Ever since I was in high school I was the one on my cross country and track teams making locker signs and writing encouraging notes. My personality shone through the ways I would serve my team. I was quiet - still am, but loved to braid hair, loved to cheer teammates, loved to make locker signs, loved to make good-luck gifts. I made a scrapbook for my sister at her graduation. During college I would make cards and write notes to my sibs. During my dating years I would draw cards, write out Bible verses, and make good luck notes for Joe. Since kids that part of my life has pretty much died away, but it used to bring me joy. I also remember how much I enjoyed encouraging others when I was a high school math teacher. Kids would get down about math or about life and I really enjoyed talking with them to help them look at the brighter side, helping them to have hope.
So I thought maybe now in life's current circumstances I should rekindle some of those things in order to see more positives. So I did something about it... I found an encouraging blog post about NICU moms and posted it in the mother's pumping room. I helped Joshua make a scrapbook wall hanging for a friend in the NICU. I made a blanket for the same friend in the NICU. I've initiated conversations with a couple more moms and gotten out of my comfort zone in order to help them look at the brighter side. And in all of it, I'm seeing a little brighter side too. It certainly helps that Joshua is improving. And there are still many days when I am still struggling with life, but digging up this passion of mine to encourage and love others in verbal and tangible ways is finally helping me cope with all that is going on.
Another thing that has helped me cope is a kind woman I've met...There is a wonderful clerk at the desk when I walk into the first NICU unit. She is a Christian and a true light. You can just see Jesus shining in her eyes. She often comments about my smile or the light she sees in my eyes. Sometimes I think she is crazy when she tells me that I'm shining a light here in this dark place. I don't feel like I'm shining Jesus in this time when I'm trudging through life day to day. But I'm trying to see that God can use me here, in this awful place to be a light to the people that I meet. Even with my quiet, boring personality, somehow this clerk sees a light in me. She encourages me with scripture, she encourages me when I tell her about Joshua's progress, she asks about my other kids, and homeschooling, and Joe. Working in this setting she knows how hard it is for babies to make real progress..."Inch by inch is a cinch, yard by yard is too hard." is what she likes to tell me. She has been through quite a lot of things in her life and knows how hard it is when you struggle to put your hands together to pray. She says she is helping me "exercise my arms" to lift them up to the heavens, to thank and praise the Creator for my little miracle. I pray that someday I can have that light and hope I see in her eyes too, shining for Jesus. Thank you Lord for Donna!
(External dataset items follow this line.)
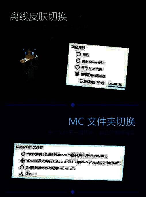 1. 支持离线换皮,玩家可随意在史蒂夫、亚历克斯等皮肤间切换。
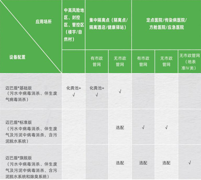 在邁巴盾®基礎(chǔ)版上增加了伴生廢氣中氣溶膠病毒和伴生污泥中病毒的全面消殺,并包含污泥脫水系統(tǒng)。消殺后相關(guān)指標(biāo)可達(dá)到《醫(yī)療機(jī)構(gòu)水污染物排放標(biāo)準(zhǔn)》(GB18466-2005)要求及《醫(yī)學(xué)隔離觀(guān)察設(shè)施設(shè)計(jì)標(biāo)準(zhǔn)》和《新型冠狀病毒感染的肺炎傳染病應(yīng)急醫(yī)療設(shè)施設(shè)計(jì)標(biāo)準(zhǔn)》(T/CECS661-2020)。
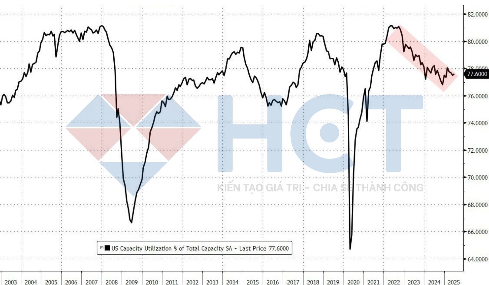 Công suất công nghiệp tăng nhẹ 77.4% → 77.6%, vẫn trong xu hướng giảm nhưng cải thiện
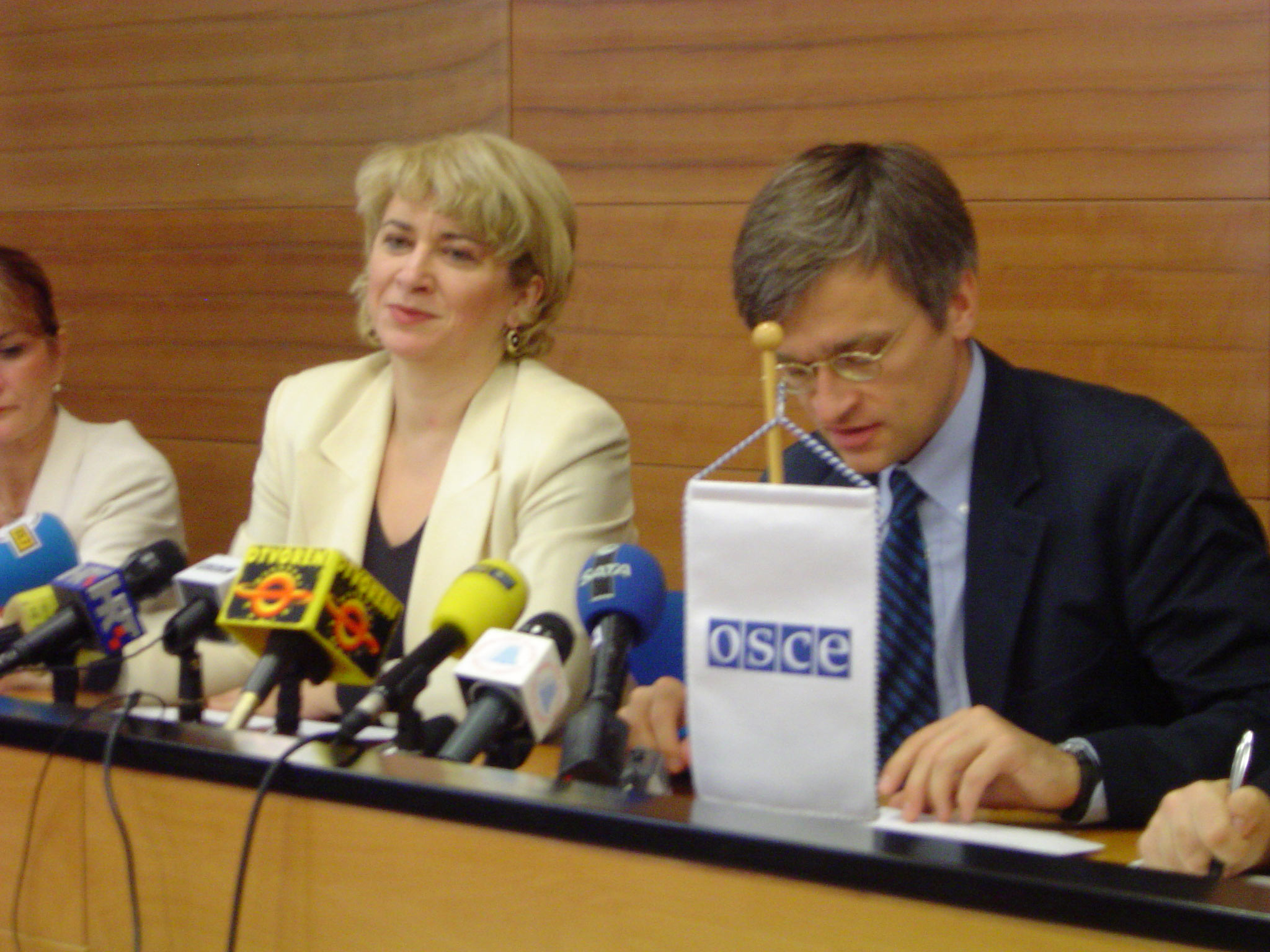 Croatian Justice Minister Vesna Skare Ozbolt (left) and Head of the OSCE Mission to Croatia, Amb. Peter Semneby, present two Mission reports calling for reform of domestic war crimes procedures in Croatia, Zagreb, 22 June 2004.

Right now I will try to keep encouraging other moms that I have met and try to initiate friendly conversations with the other doctors, clerks, environmental services staff, and nurses. And I pray that God uses me as a light for as long as we are here at Children's and gives me the courage to do so...and gives me grace when I feel so overwhelmed with life that I don't have the strength to step out of my problems and smile.